Personal information
- Full name: Anthony James
- Date of birth: 9 October 1978 (age 47)
- Place of birth: Abergavenny, Wales
- Position: Centre back

Youth career
- 1996–1998: West Bromwich Albion

Senior career*
- Years: Team / Apps / (Gls)
- 1998–2006: Hereford United / 273 / (16)
- 2006–2007: Weymouth / 32 / (3)
- 2007–2012: Burton Albion / 159 / (1)
- 2010: → Hereford United (loan) / 6 / (0)
- 2012–2014: Newport County / 47 / (2)
- 2015: Hereford / 4 / (0)
- Total:  / 521 / (22)

International career
- Wales Semi-Pro

= Tony James (Welsh footballer, born 1978) =

Welsh footballer

Anthony James (born 9 October 1978) is a Welsh former footballer who last played as a centre-back for English club Hereford.

==Career==
Born in Cwmbran, James started his professional career at West Bromwich Albion where he played in the reserves. He then moved to Hereford United.

He soon established himself as a first choice centre back, partnering Hereford captain Ian Wright. He was voted Player of the Year for the 2002–03 and 2003–04 seasons, in the latter he was an ever-present. When Wright left the club in 2003, James took over the captaincy and led the club to runner-up spot in the Conference in three successive seasons. He was also the regular penalty taker for Hereford, his most notable penalty being the opening goal in the televised 9–0 win over Dagenham & Redbridge in 2004.

In the first half of the 2000s he was widely regarded as one of the highest performing central defenders in the Conference, with Peter Shreeves stating that he was the best defender in the Conference. James also represented his country at semi-pro international level.

By 2006 injuries had cost him his first team place to Dean Beckwith and James did not play a part in the last nine games of the season, including the play-off final which saw Hereford win promotion to the Football League. His significant contribution to the club was recognised when he was invited onto the rostrum to lift the trophy with team captain Tamika Mkandawire. He holds the record for the most Conference appearances by a Hereford United player and is ranked 18th on Hereford's all-time list of most appearances with 322 (20 goals).

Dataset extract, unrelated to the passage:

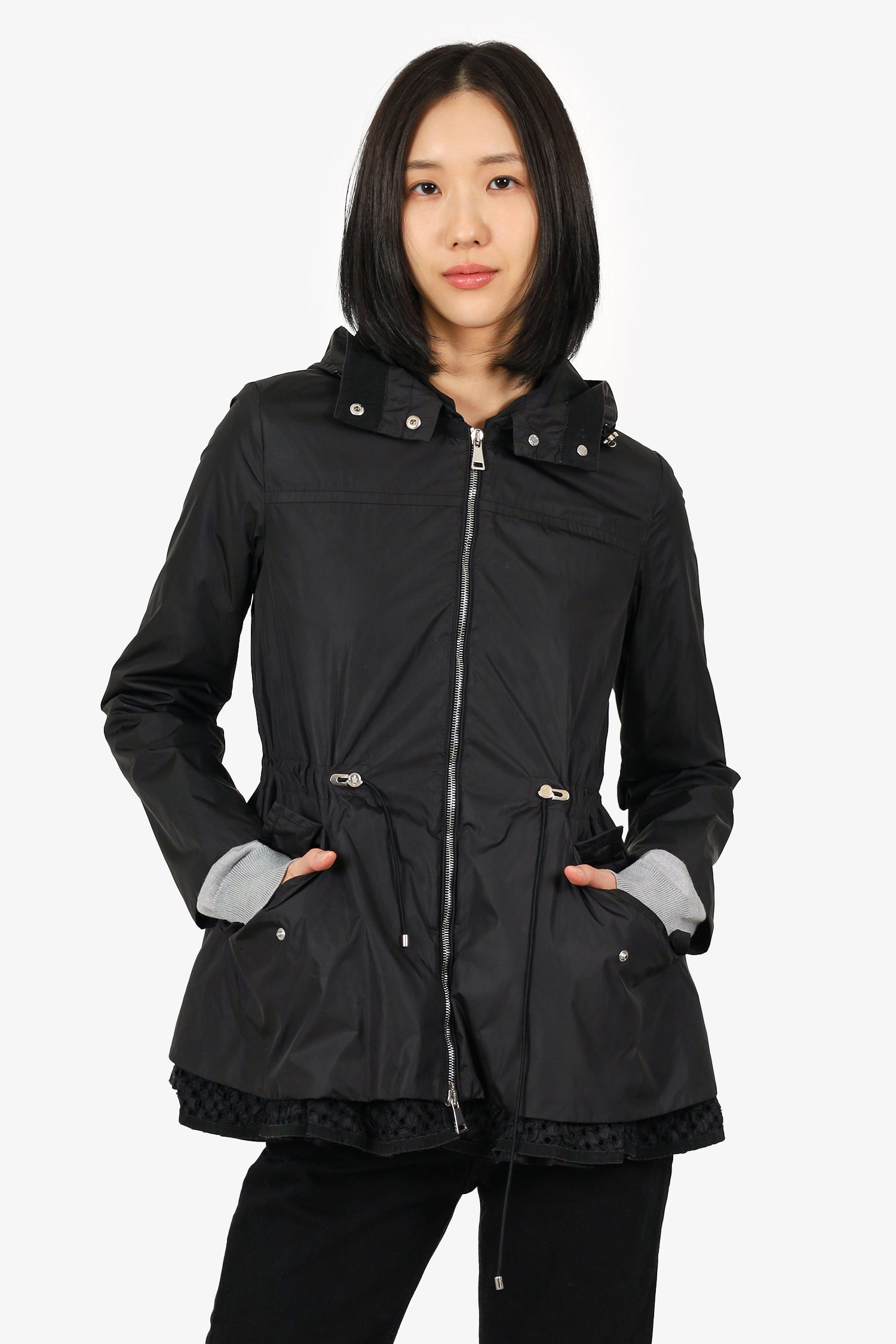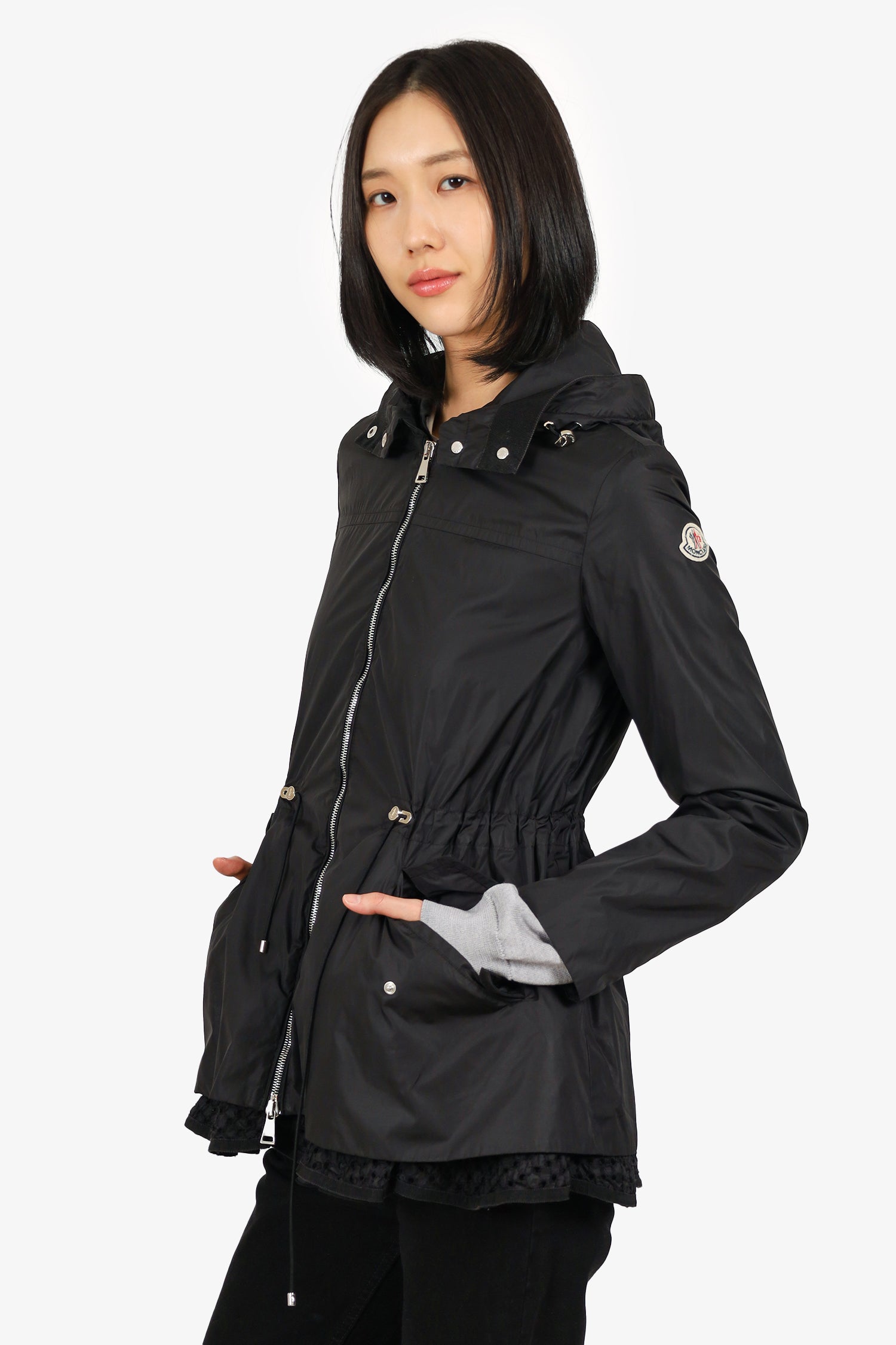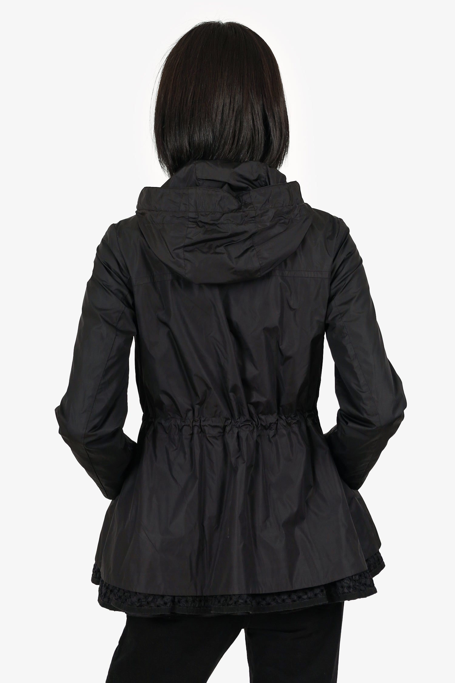 Moncler Black Nylon Cinched Waist Lace Hem Detail Jacket Size 1

James moved to Weymouth where he was to spend just one season at the promotion-chasing outfit, captaining the club and scoring three penalties. When financial troubles hit the Terras, James moved to Burton Albion. A knee injury sustained at the start of the season limited his appearances but he returned to first team action against Altrincham. He was part of the 2008–09 Conference National winning side and signed a new contract with Burton in May 2009. James rejoined Hereford United on a month's loan in October 2010.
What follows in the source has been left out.